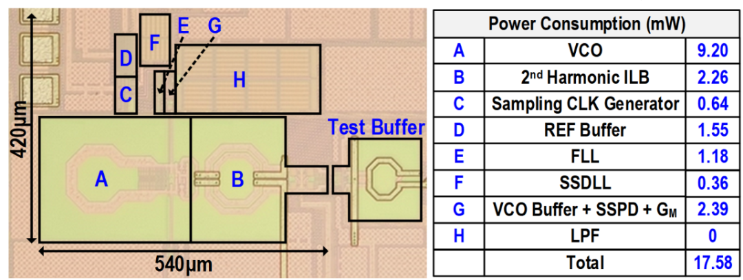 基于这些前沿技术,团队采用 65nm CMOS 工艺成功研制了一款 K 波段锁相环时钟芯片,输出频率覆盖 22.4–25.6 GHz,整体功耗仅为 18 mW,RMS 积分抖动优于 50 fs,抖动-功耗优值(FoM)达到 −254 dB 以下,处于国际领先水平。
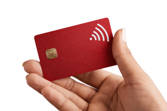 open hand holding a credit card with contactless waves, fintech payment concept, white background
# # #
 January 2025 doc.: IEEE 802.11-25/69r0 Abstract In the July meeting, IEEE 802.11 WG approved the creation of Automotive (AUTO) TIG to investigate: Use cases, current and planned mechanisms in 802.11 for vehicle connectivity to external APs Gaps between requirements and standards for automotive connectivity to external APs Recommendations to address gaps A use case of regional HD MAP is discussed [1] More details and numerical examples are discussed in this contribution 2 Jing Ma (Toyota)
# # #
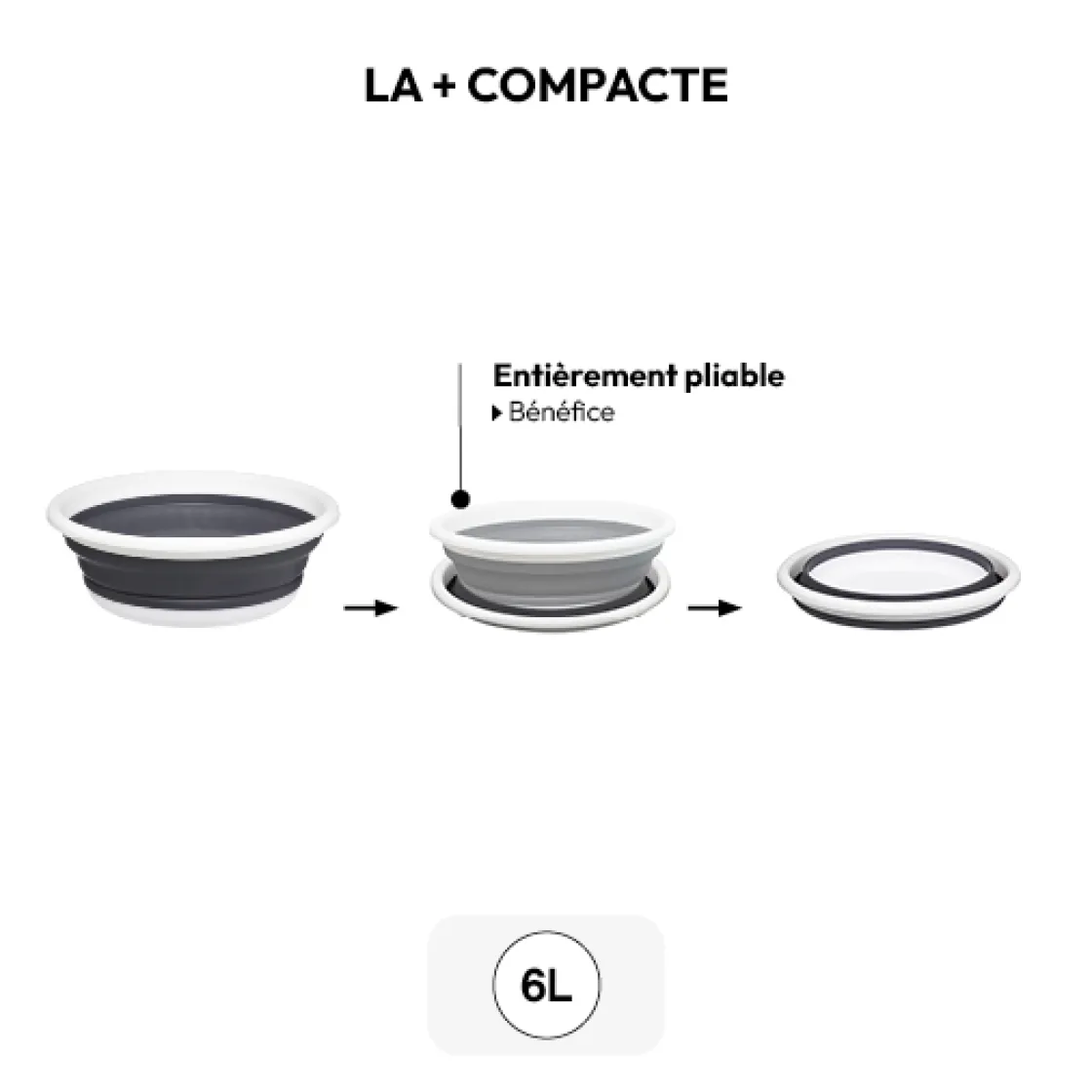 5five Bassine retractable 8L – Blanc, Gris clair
# # #
Leaving all pictures out, output exactly the lines of the material above from the line with "基于这些前沿技术,团队采用 65nm CMOS" to the line with "open hand holding", both included.

 基于这些前沿技术,团队采用 65nm CMOS 工艺成功研制了一款 K 波段锁相环时钟芯片,输出频率覆盖 22.4–25.6 GHz,整体功耗仅为 18 mW,RMS 积分抖动优于 50 fs,抖动-功耗优值(FoM)达到 −254 dB 以下,处于国际领先水平。
 open hand holding a credit card with contactless waves, fintech payment concept, white background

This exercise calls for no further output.